Above:  Mended Words IX: Henry VI.  Ripped and stitched antique engraving collaged with Shakespeare quotations.)

This week I've finished a couple more pieces in my new Mended Words Series.  I'm really enjoying everything about them ... from ripping the image, stitching it back together, researching for an appropriate quote, and especially selecting the individual letters to apply the words to the page.


 
(Above:  Mended Words X: The Tiff.)

This particular scene just begged to be ripped.  Elizabeth Barrett Browning's quotation was equally perfect.

(Above:  Mended Words XI: Madonna.)

I thought about using words more specifically from the Sorrowful Mysteries of the Rosary but none were more touching than this better known phrase.
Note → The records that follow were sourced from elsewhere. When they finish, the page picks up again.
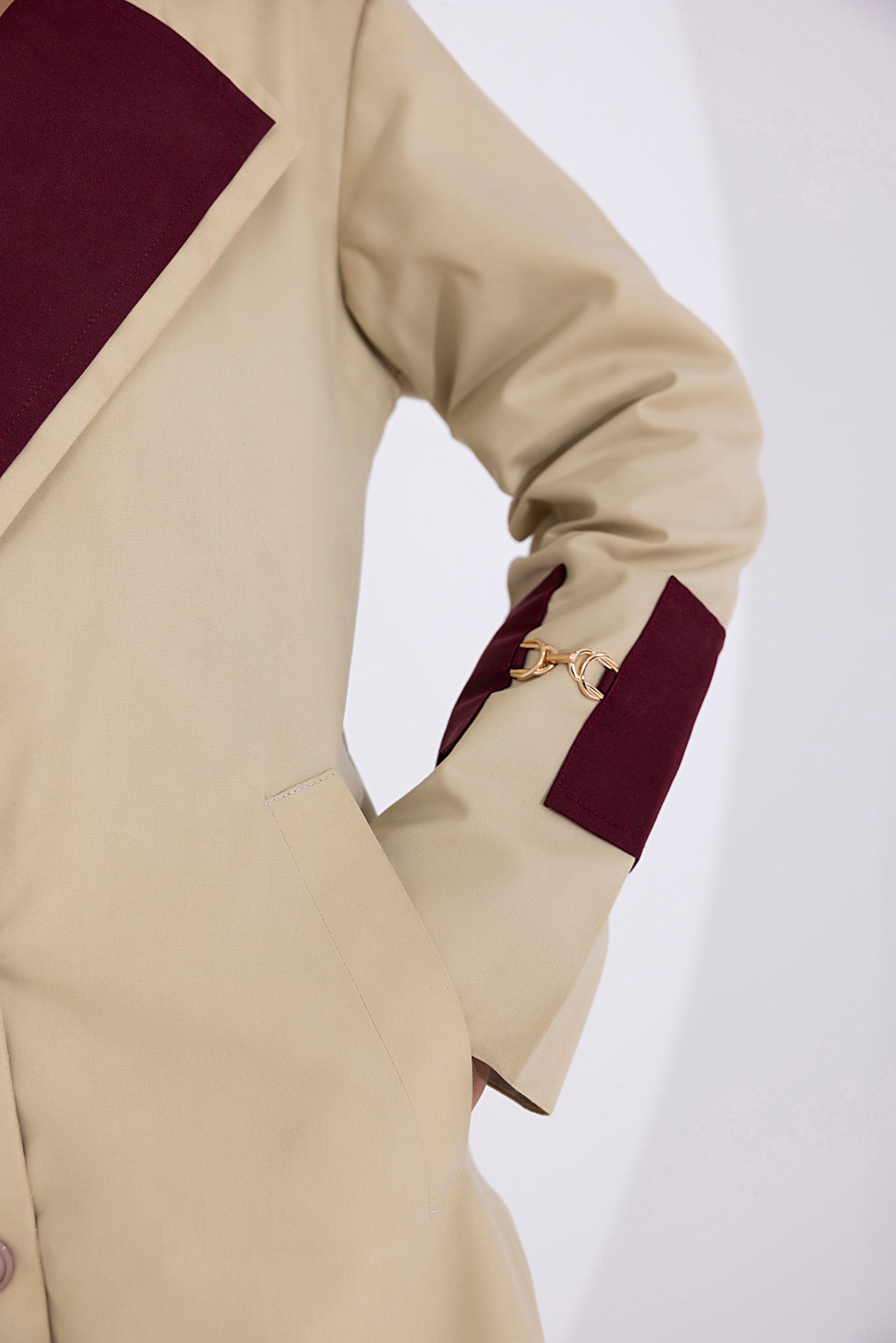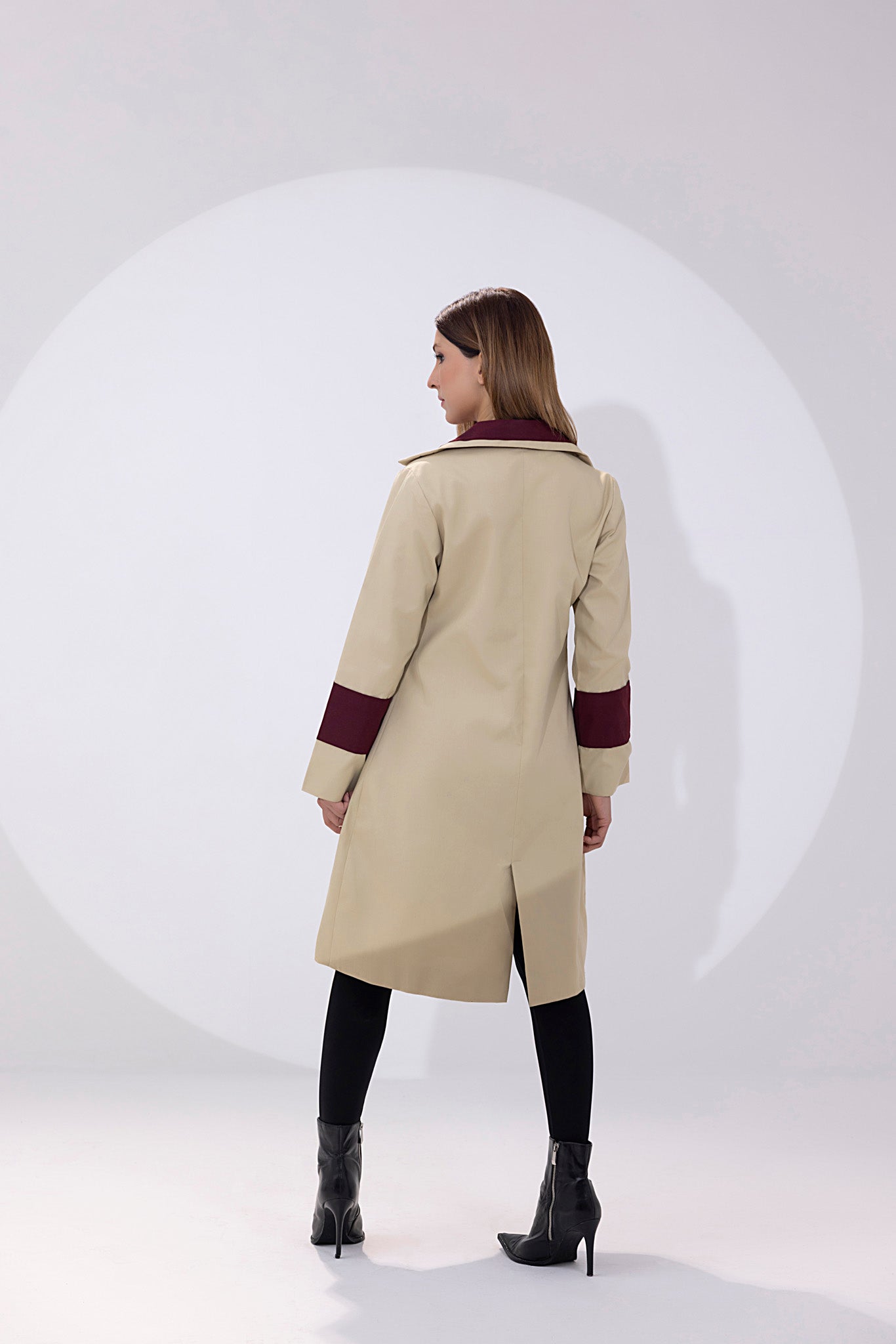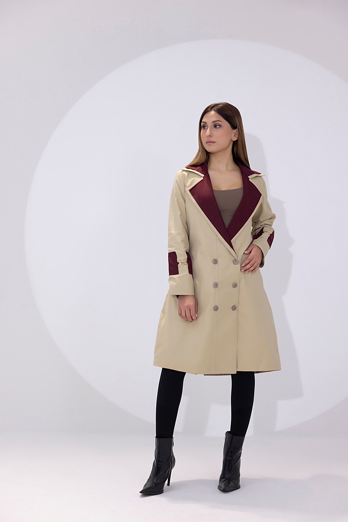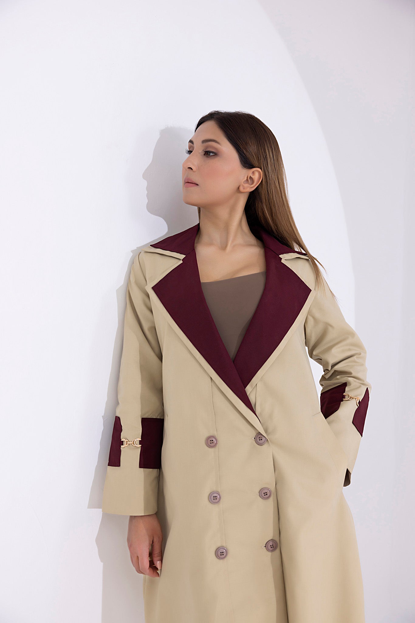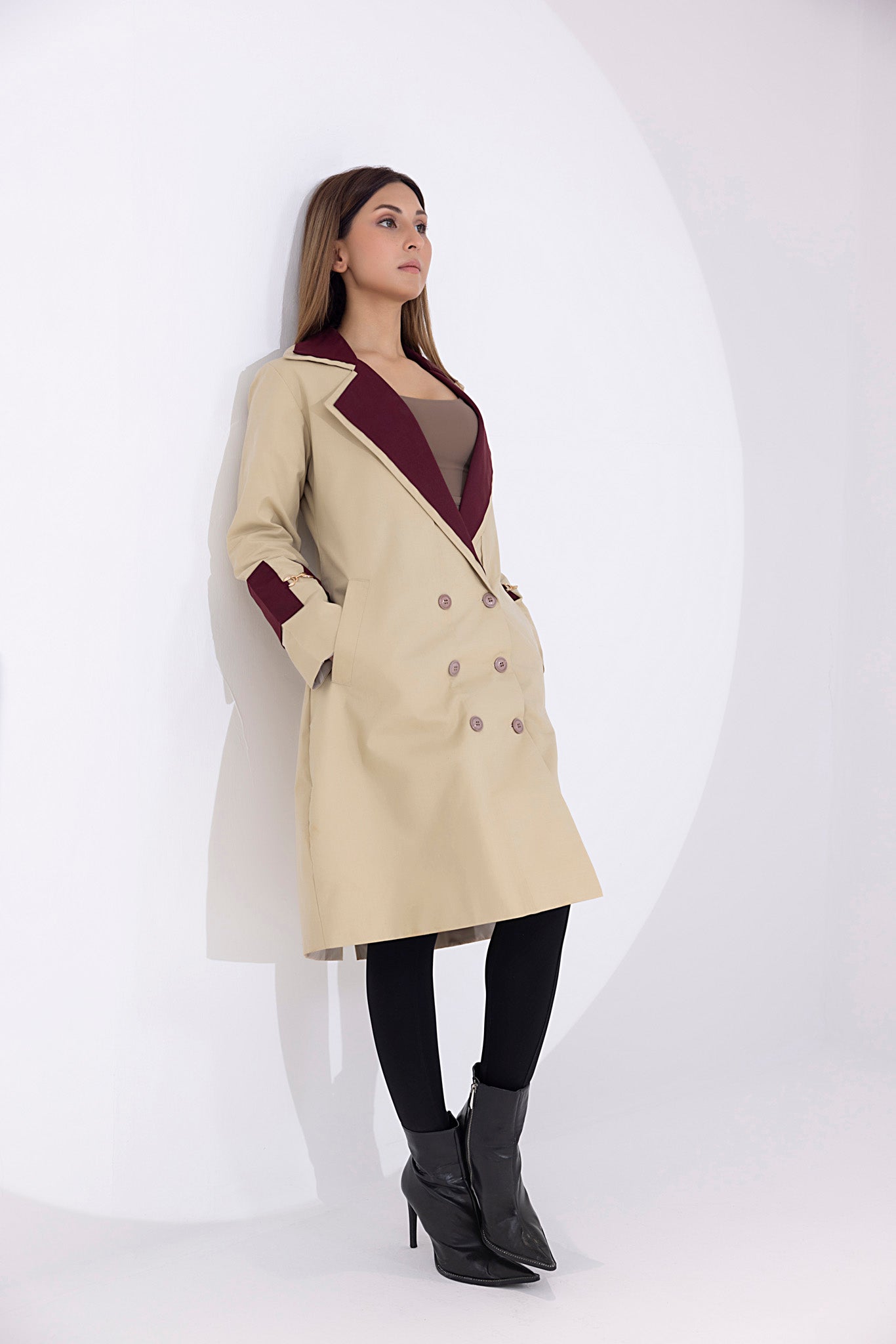 • Elegant Design: Light brown hue with maroon lapel and cuffs, double-breasted style, tailored silhouette, and adjustable belt for a flattering fit.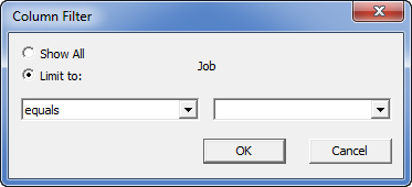 Abre a caixa de diálogo Colunas de Trabalho, com colunas adicionais que você pode arrastar para a fileira de título da lista de trabalhos. Quando você arrasta uma coluna sobre a fileira de título, setas são exibidas indicando onde a coluna será inserida.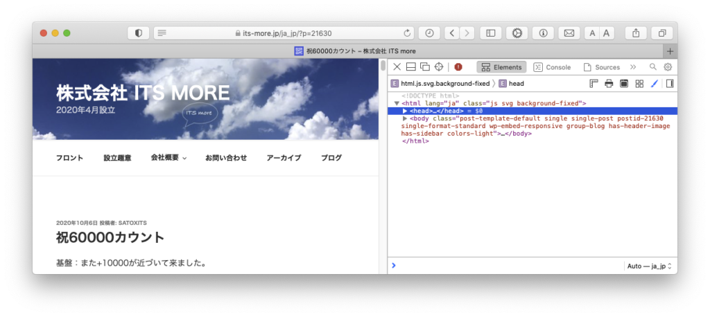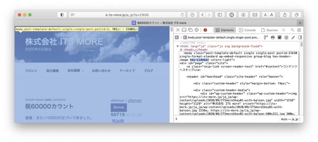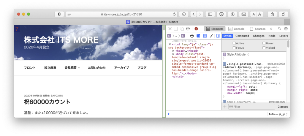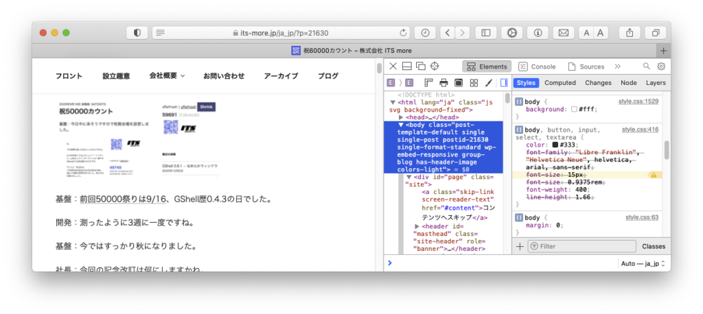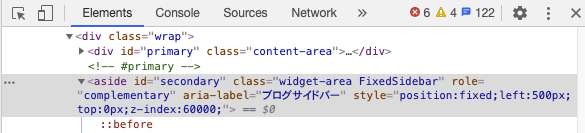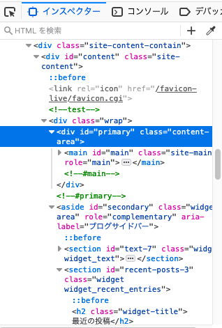 開発:ただちょっと、生きてるDOMからクラスを外すというのもなかなかドラスティックな感じはしますが… やってみましょうか。インスペクターでエレメントを表示。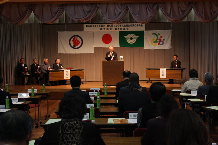 設立発起人会を代表してあいさつを行う中芝岩出市長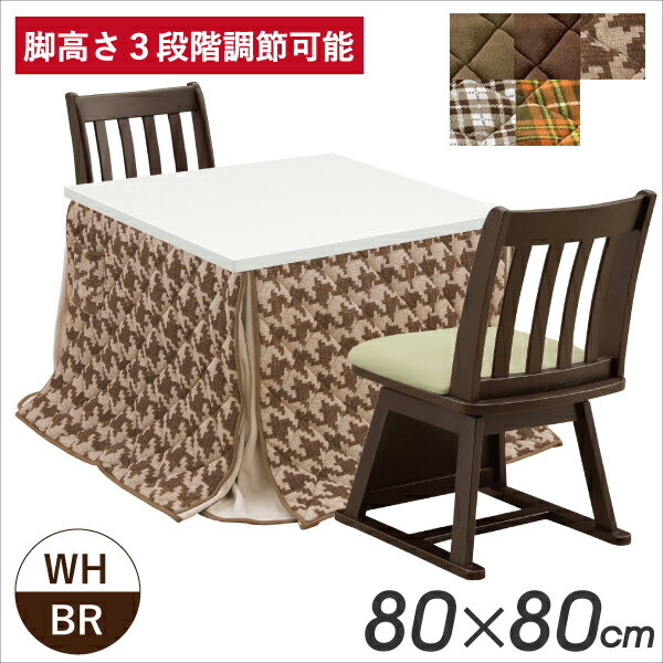 ) サイズ ダイニングこたつ本体:幅80/奥行80/高さ68・53.5・39cm チェア:幅43/奥行49/高さ74(座面高39)cm 表面材 こたつ:MDF(PU塗装)チェア:アカシヤ材(ラッカー塗装) カラー こたつ本体:ホワイト・ブラウン色チェア:ブラウン色布団:5種類 備考 輸入品/組立品 アクシス80こたつ 睦月2回転式チェア こたつ:MHU-601E手元コントローラー 2人掛けダイニングこたつ4点セット。

(Above:  Mended Words XII: Cleopatra.)

When I first started this series, I looked for only the black-and-white engravings but I found several that had some color.  The color is not original.  Once upon a time, Mouse House (the custom picture framing business I own with my husband) paid a budding artist to hand color some of our antique engravings.  This was nothing new. We'd had other, more competent people doing this in even earlier years.  This last person's attempts weren't particularly good.  She didn't want to "make a mistake" and thus rarely finished any of the engravings.  She had only applied burgundy to Cleopatra.  So ... I finished by adding more colors, ripping the piece, stitching it back together again, and adding words from Shakespeare's play.

(Above:  Mended Words XIII: Juliet and the Nurse.)

This engraving was half colored too.  It had only burgundy and very little yellow.  I had fun finishing the color and transforming the print.  I've been working on several other things too.  Hopefully, I'll be able to get some photographs this weekend!